Intensive farming is found to be better than organic methods for protecting the environment

By Mark Henderson, 2 September 2011

Source @ The Australian

Organic cattle farmer Ann Blundy

South Gippsland farmer Ann Blundy is a successful example of organic farming, after switching to the practice 18 years ago. Picture: David Geraghty. Source: The Australian

ORGANIC farming can be less effective at protecting wildlife than intensive methods, according to research that undermines its claim to be the most environmentally friendly form of agriculture.

Farming systems such as organic that seek to share land between crops and wildlife inflict greater damage on biodiversity than conventional approaches that maximise crop yields, a major study has revealed.

Such “land-sharing” methods typically deliver lower yields than intensive farming and they require much more land to produce the same amount of food, scientists at the University of Cambridge and the Royal Society for the Protection of Birds found. This means that important wilderness habitats must be destroyed to create extra farmland, which easily outweighs any small benefits of making fields friendlier to wildlife.

The research, conducted in Ghana and India, found that most species of birds and trees, common or rare, would have higher populations if farms were kept as small as possible and managed to produce maximum yields. This strategy must be combined with measures to protect wilderness habitats.

Scientists behind the study, which is published in the journal Science, said that organic farming can play a part in land-sparing, provided it generates high yields. They also warned that the findings may not apply to different parts of the world, and they have begun new research in Poland to evaluate European conditions.

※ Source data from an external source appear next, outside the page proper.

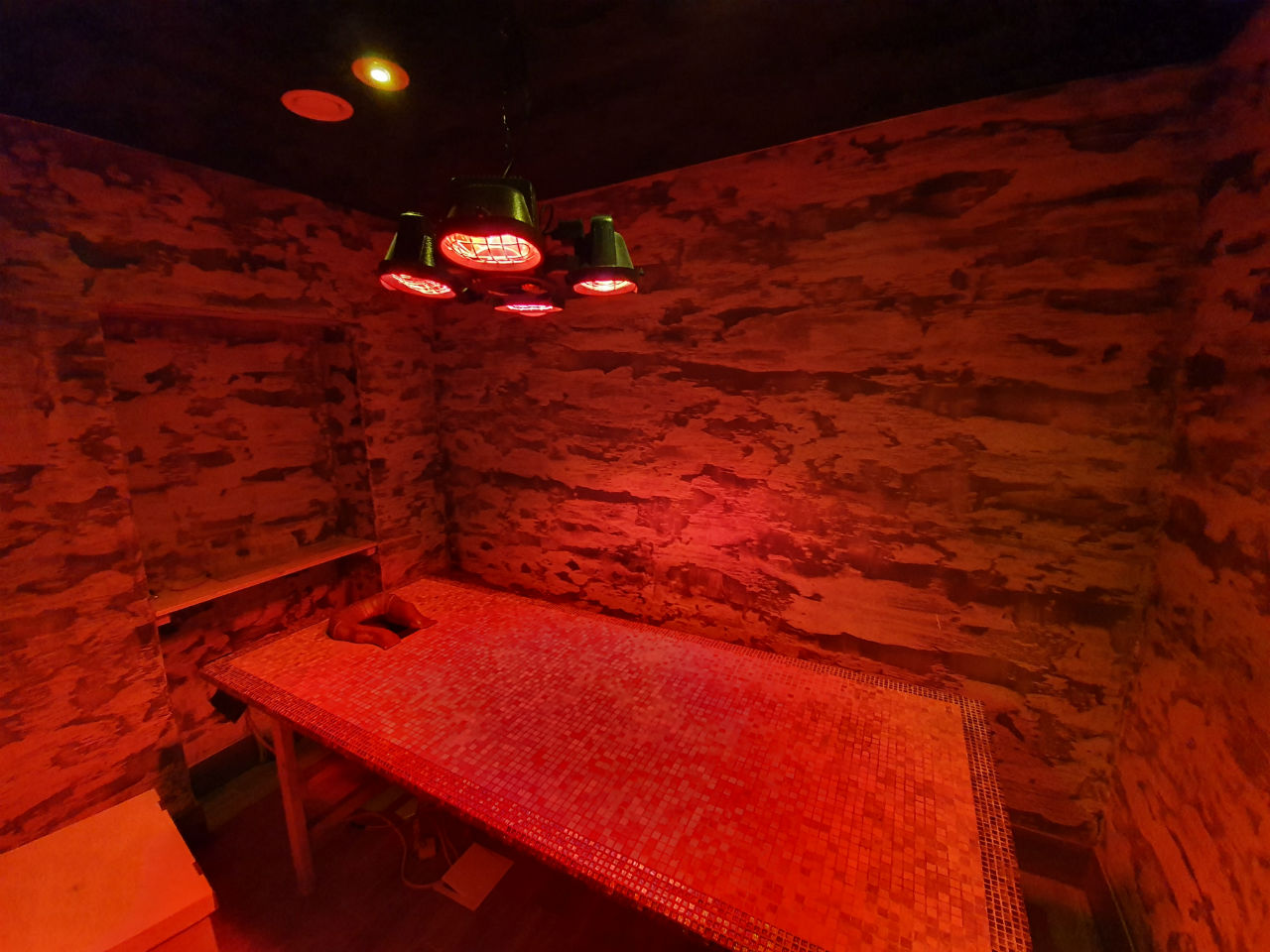 Unikali keramikinė pirtis individualioms procedūroms su nefrito akmenimis ir marmuro gultais.
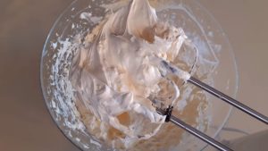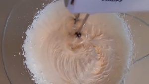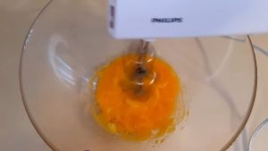 Vyklepněte šest vajíček, oddělte bílky od žloutků, přičemž žloutky vložte do hluboké mísy a bílky odložte do lednice na příští použití do jiných receptů. Ke žloutkům v misce přidejte jednu lžičku cukru a šlehejte je elektrickým šlehačem na nejvyšší otáčky, dokud nezískají světle žlutou barvu.
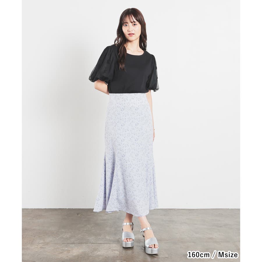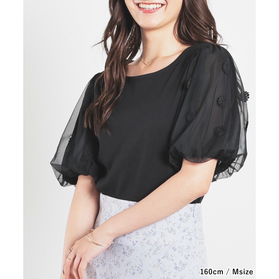 透け感のあるシフォンとチュールを重ねたふんわり袖に、立体的なフラワーモチーフを散りばめたキュートなデザイン。

The findings, however, question claims that the organic method is the most sustainable approach to farming, and that intensive systems are bad for biodiversity.

“Environmental benefit has been one of the selling points of organic farming, but frequently what we see is lower yields, and benefits for wildlife that are not that great,” said Ben Phalan, who led the Ghanaian study.

“It sells the message that you can do both conservation and food production together, that they can co-exist. But our research would suggest that this is probably optimistic and might be wishful thinking.”

His colleague Malvika Onial, who led the Indian research, said: “It would be nice to think that we could conserve species and produce lots of food, all on the same land. But our data from Ghana and India show that’s not the best option for most species.”

The findings could also have implications for European Union agricultural policies.

Martin Harper, conservation director of the RSPB, said: “The European Commission is proposing to rebrand a third of farm subsidies in Europe as green payments. This paper in Science suggests that unless the proposed green measures really deliver significant and lasting environmental benefits it would be better to use this money directly on nature reserves and saving threatened species.”

He added, however, that there was still a strong case that resources should be used to help farmers make space for wildlife in all farmed countryside: “Agri-environment schemes have a good track record in saving farmland birds like the corncrake and cirl bunting and have the potential to reverse the decline of the skylark.”